### Exercise
Go to the line holding "Fiori d’arancio –" in the entries below and write out exactly every line down to and including the line holding "Hummingbirds famously symbolize".

### Data section
##############################
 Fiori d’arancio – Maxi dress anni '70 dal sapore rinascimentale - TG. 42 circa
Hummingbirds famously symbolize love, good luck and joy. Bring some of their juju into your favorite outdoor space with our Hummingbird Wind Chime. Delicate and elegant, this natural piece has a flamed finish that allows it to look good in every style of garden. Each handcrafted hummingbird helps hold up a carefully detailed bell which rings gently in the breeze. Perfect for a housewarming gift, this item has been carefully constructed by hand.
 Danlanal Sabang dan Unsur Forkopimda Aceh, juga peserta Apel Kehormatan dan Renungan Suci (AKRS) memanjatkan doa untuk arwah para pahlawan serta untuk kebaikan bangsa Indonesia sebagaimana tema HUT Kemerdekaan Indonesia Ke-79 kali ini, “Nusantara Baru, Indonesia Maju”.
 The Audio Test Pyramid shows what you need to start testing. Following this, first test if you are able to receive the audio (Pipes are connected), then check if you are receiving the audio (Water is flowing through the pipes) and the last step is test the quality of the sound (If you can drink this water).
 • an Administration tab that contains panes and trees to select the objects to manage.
##############################
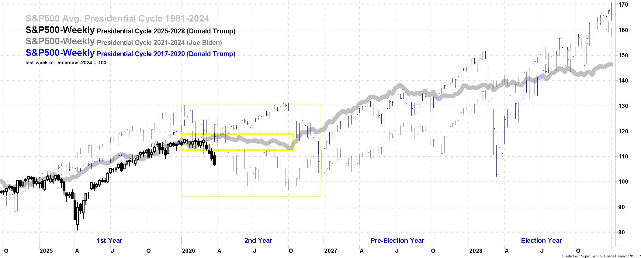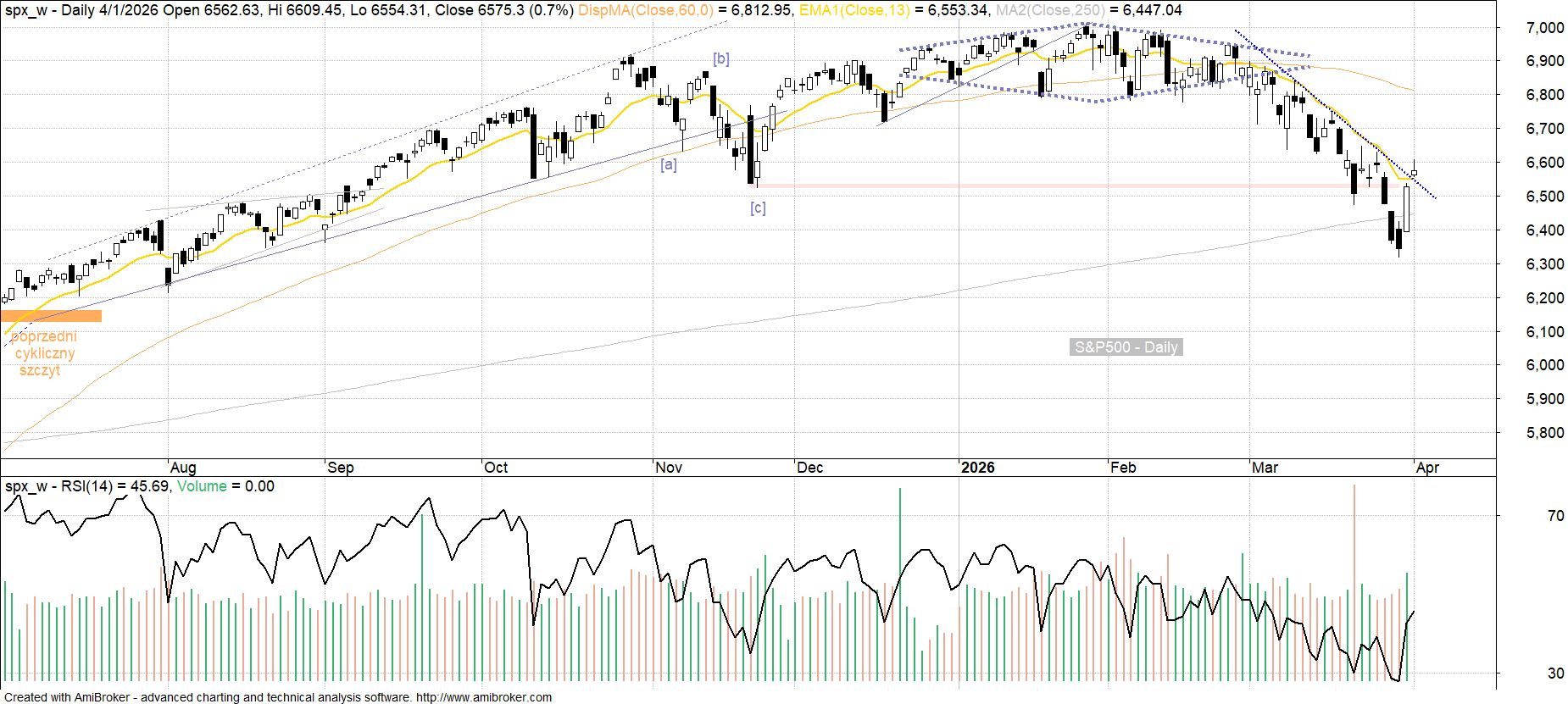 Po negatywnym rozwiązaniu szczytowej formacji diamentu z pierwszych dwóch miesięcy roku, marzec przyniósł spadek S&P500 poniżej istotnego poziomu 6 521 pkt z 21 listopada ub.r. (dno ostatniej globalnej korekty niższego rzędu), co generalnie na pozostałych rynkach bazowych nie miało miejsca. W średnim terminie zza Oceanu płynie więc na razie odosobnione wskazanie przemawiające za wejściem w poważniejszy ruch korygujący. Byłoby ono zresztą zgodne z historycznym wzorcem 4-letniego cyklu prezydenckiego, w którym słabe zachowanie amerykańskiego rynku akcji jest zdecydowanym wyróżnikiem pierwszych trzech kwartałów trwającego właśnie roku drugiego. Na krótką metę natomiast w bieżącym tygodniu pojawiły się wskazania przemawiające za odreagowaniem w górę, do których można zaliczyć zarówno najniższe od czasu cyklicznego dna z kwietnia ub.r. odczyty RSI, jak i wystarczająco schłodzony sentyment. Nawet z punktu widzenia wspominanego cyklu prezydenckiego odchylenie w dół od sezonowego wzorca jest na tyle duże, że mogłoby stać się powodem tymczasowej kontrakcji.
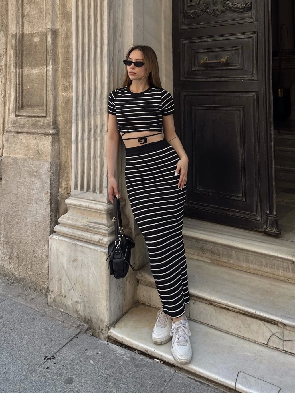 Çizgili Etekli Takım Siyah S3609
##############################
### Expected answer
 Fiori d’arancio – Maxi dress anni '70 dal sapore rinascimentale - TG. 42 circa
Hummingbirds famously symbolize love, good luck and joy. Bring some of their juju into your favorite outdoor space with our Hummingbird Wind Chime. Delicate and elegant, this natural piece has a flamed finish that allows it to look good in every style of garden. Each handcrafted hummingbird helps hold up a carefully detailed bell which rings gently in the breeze. Perfect for a housewarming gift, this item has been carefully constructed by hand.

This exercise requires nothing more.